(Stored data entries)

· · ·

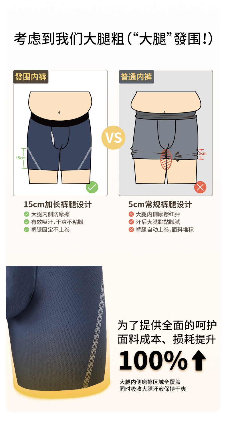 發圍男士內褲大碼貼合網眼加大短褲日常胖子加長防磨腿運動內褲
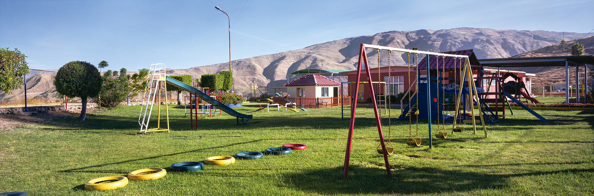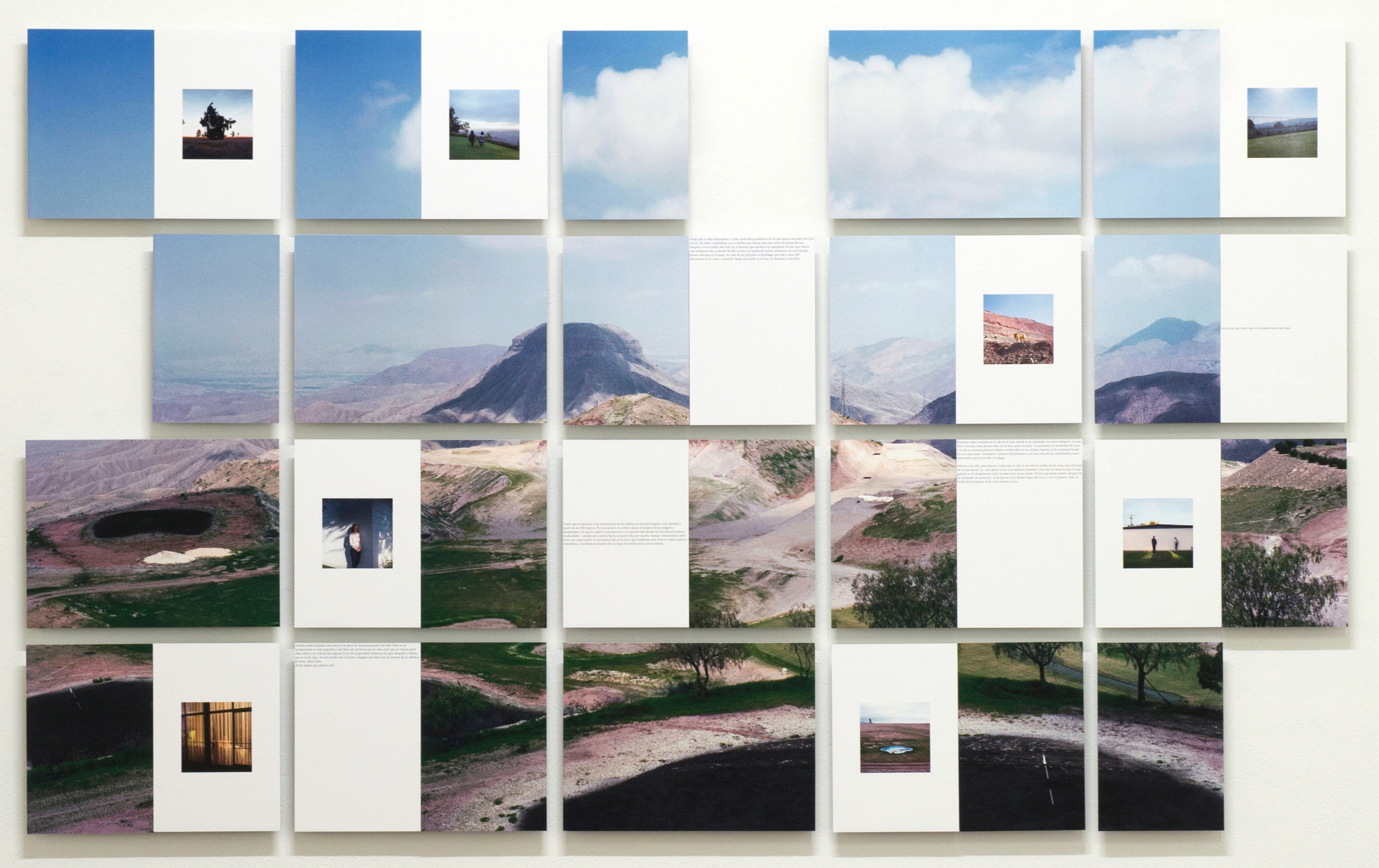 En las fotografías el territorio es visto como un paisaje idílico, con jardines amplios con vista a las montañas, pero donde la valoración afectiva se pierde fácilmente por ser un lugar desequilibrado y monótono a la vez, bello y a su vez triste.
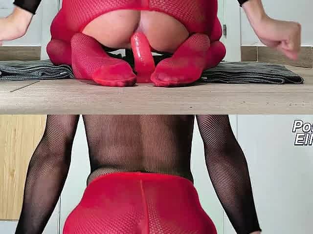 Trans in red hose and fishnet bodysuit rides sex-toy very fast and hardcore 08-08-2025
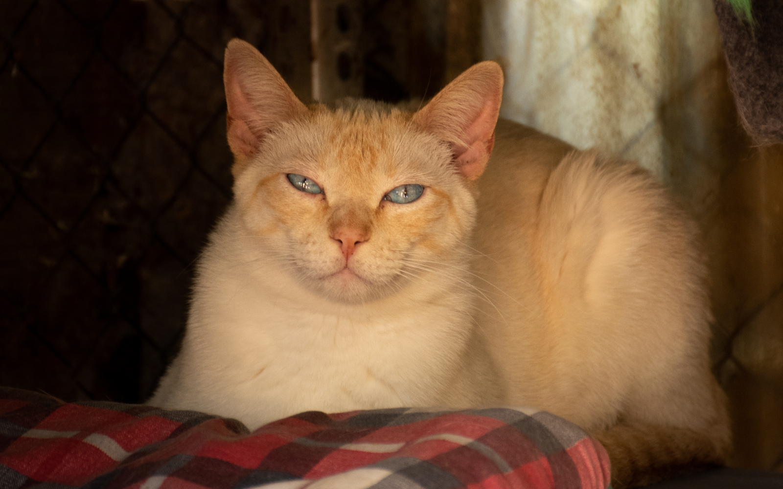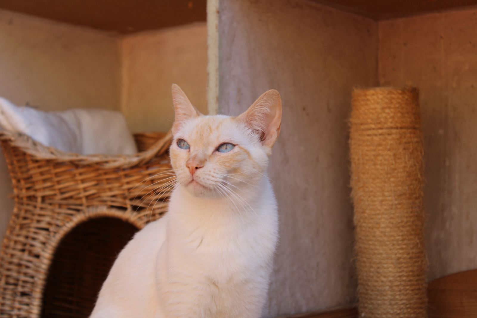 En Floqui és un preciós gat blanc i marró d’aproximadament 3 anys d’edat. Porta gairebé tota la seva vida al refugi degut al seu caràcter tímid i reservat. No es deixa tocar, però sempre intenta interactuar amb tu, ja sigui observant-te des de la distància o bé asseient-se a prop teu per gaudir de molts moments junts.
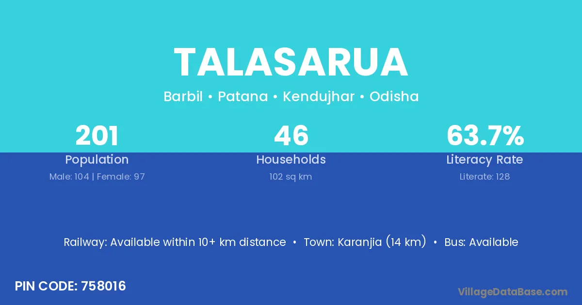 Karanjia (14 km) is the nearest town to Talasarua village for major economic activities and is located approximately 14 km away.

· · ·

#### [YOUR INSTRUCTIONS]
Pictures are to be dropped; every line of the records is to be returned unchanged.

#### [REPLY TO THE TASK]
 發圍男士內褲大碼貼合網眼加大短褲日常胖子加長防磨腿運動內褲
 En las fotografías el territorio es visto como un paisaje idílico, con jardines amplios con vista a las montañas, pero donde la valoración afectiva se pierde fácilmente por ser un lugar desequilibrado y monótono a la vez, bello y a su vez triste.
 Trans in red hose and fishnet bodysuit rides sex-toy very fast and hardcore 08-08-2025
 En Floqui és un preciós gat blanc i marró d’aproximadament 3 anys d’edat. Porta gairebé tota la seva vida al refugi degut al seu caràcter tímid i reservat. No es deixa tocar, però sempre intenta interactuar amb tu, ja sigui observant-te des de la distància o bé asseient-se a prop teu per gaudir de molts moments junts.
 Karanjia (14 km) is the nearest town to Talasarua village for major economic activities and is located approximately 14 km away.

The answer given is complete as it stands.